[Gluster-devel] Disconnections and Corruption Under High Load

Thu Jan 7 10:44:43 UTC 2010

Anand Avati wrote:
> On Tue, Jan 5, 2010 at 5:31 PM, Gordan Bobic <gordan at bobich.net> wrote:
>> I've noticed a very high incidence of the problem I reported a while back,
>> that manifests itself in open files getting corrupted on commit, possibly
>> during conditions that involve server disconnections due to timeouts (very
>> high disk load). Specifically, I've noticed that my .viminfo file got
>> corrupted for the 3rd time today. Since this is root's .viminfo, and I'm
>> running glfs as root, I don't have the logs to verify the disconnections,
>> though. From what I can tell, a chunk of a dll somehow ends up in .viminfo,
>> but I'm not sure which one.
> 
> Can you describe the sequence of events? What kind of IO was being
> performed from all clients involved? Was vi opened (on the same file?)
> from multiple clients? Was some other kind of IO (rsync?) being
> performed on another client at the same time?

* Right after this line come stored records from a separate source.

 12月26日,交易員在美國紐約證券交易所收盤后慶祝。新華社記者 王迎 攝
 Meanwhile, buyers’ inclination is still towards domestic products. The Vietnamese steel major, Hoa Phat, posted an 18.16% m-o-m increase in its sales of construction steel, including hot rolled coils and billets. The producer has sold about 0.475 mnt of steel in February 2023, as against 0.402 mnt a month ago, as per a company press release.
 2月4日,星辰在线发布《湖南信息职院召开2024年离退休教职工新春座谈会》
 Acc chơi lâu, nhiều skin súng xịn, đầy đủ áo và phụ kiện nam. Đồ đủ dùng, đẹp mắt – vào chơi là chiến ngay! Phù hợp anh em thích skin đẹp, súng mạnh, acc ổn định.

The I/O client was relatively lightweight - normal desktop use, web 
browser and mail reader open, a bunch of gnome-terminal windows. vi 
wasn't opened on any of the files that were open, the only things I was 
editing at the time was fstab and the gluster volume spec files. There 
is only one actual client machine (the one on my desk), if we don't 
count the AFR servers (which are also each other's clients).

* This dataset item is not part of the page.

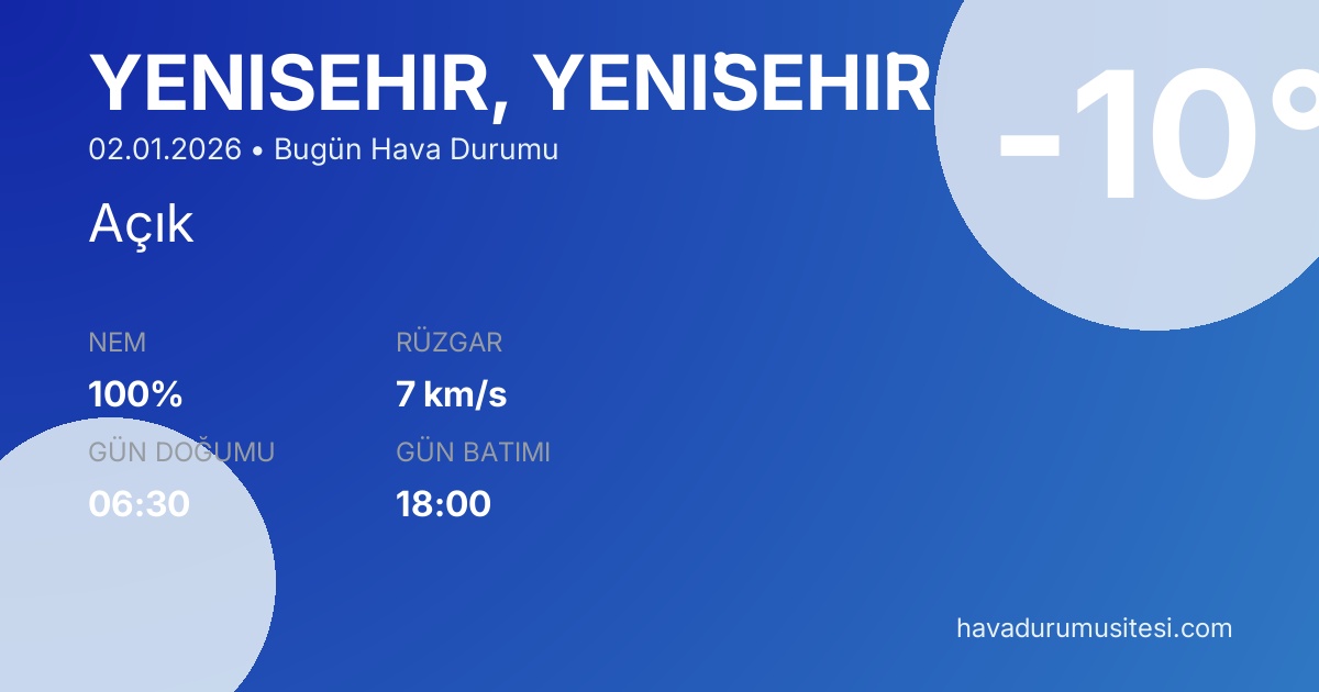Yeni̇şehi̇r için bugünün hava durumu bilgileri. Şu anda sıcaklık -10°C ve hava durumu Açık. Hissedilen sıcaklık -14°C. Nem oranı %100. Rüzgar hızı 7 km/s. Bugün sıcaklıkların -7°C ile 4°C arasında seyretmesi beklenmektedir. Yeni̇şehi̇r için hava durumu, yarın, 5 günlük, 15 günlük ve saatlik tahmin sayfalarımızda detaylı bilgiler bulunmaktadır. Bursa ana sayfası ve Bursa 15 günlük tahmin sayfalarını da inceleyebilirsiniz.

The load/slowness on the system was caused purely by the disks being 
slow to respond due to the RAID check all the nodes were doing.

It's all very heisenbuggy, I've seen it happen multiple times, but there 
doesn't appear to be a reliably reproducible set of circumstances that 
causes it.

>> On a different volume, I'm seeing other weirdness under the same high disk
>> load conditions (software RAID check/resync on all server nodes). This seems
>> to be specifically related to using writebehind+iocache on the client-side
>> on one of he servers, exported via unfsd (the one from the gluster ftp
>> site). What happens is that the /home volume simply seems to disappear
>> underneath unfsd! The attached log indicates a glusterfsd crash.
>>
>> This doesn't happen if I remove the writebehind and io-cache translators.
>>
>> Other notable things about the setup that might help figure out the cause of
>> this:
>>
>> - The other two servers are idle - they are not serving any requests. They
>> are, however, also under the same high disk load.
>>
>> - writebehind and io-cache is only applied on one server the one behing used
>> to export via unfsd. The other servers do not have those translators
>> applied. The volume config is attached. It is called home-cache.vol, but
>> this is the same file the log file refers to even though it is listed there
>> as home.vol.
>>
>> The problem specifically occurs when servers are undergoing high load of the
>> described nature that causes disk latencies to go up massively. I have not
>> observed any instances of a similar crash happening without the writebehind
>> and io-cache translators.
> 
> Can you send us a backtrace of the core from gdb (command: "thread
> apply all bt full")?

Will do.

Gordan